• Record set:
== Segment start ==

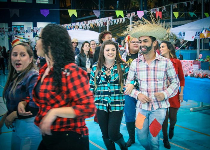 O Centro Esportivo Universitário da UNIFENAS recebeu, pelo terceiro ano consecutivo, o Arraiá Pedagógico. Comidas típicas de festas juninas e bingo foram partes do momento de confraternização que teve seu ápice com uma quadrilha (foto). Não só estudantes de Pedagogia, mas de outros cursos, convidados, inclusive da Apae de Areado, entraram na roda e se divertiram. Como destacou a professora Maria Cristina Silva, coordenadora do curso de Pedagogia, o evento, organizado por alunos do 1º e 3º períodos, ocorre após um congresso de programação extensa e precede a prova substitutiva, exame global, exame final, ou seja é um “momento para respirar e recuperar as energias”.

== Segment end ==
== Segment start ==

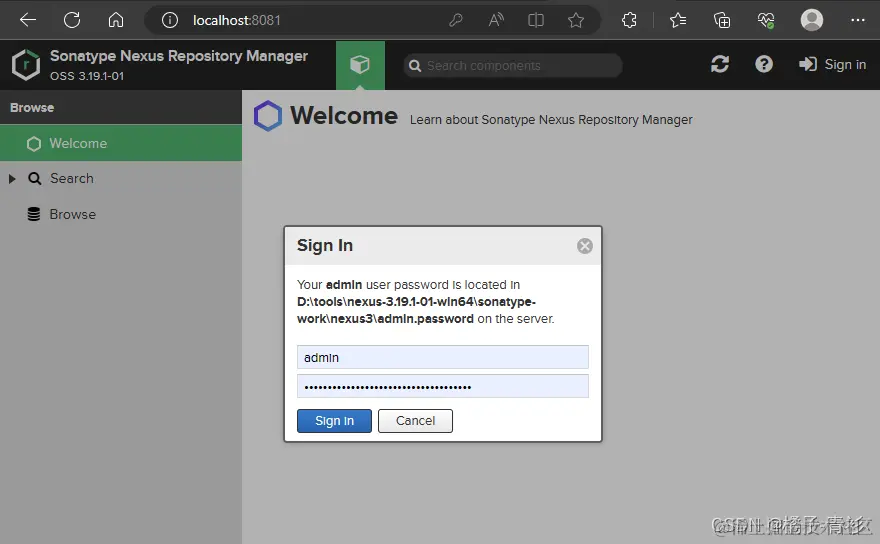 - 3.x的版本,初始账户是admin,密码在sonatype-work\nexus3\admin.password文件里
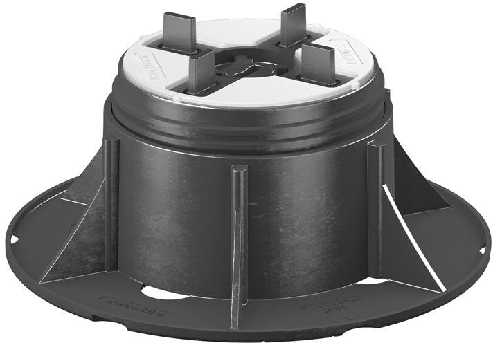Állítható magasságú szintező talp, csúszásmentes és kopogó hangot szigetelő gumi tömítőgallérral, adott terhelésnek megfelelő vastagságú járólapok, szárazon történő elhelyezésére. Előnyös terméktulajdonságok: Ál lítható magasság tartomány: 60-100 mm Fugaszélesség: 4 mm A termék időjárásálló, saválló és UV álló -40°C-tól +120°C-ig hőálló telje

== Segment end ==

• About this exercise:
Exact copy, pictures excluded: from the line with "- 3.x的版本,初始账户是" up to and including the line with "Állítható magasságú szintező" in the data above.

• Output for this exercise:
 - 3.x的版本,初始账户是admin,密码在sonatype-work\nexus3\admin.password文件里
Állítható magasságú szintező talp, csúszásmentes és kopogó hangot szigetelő gumi tömítőgallérral, adott terhelésnek megfelelő vastagságú járólapok, szárazon történő elhelyezésére. Előnyös terméktulajdonságok: Ál lítható magasság tartomány: 60-100 mm Fugaszélesség: 4 mm A termék időjárásálló, saválló és UV álló -40°C-tól +120°C-ig hőálló telje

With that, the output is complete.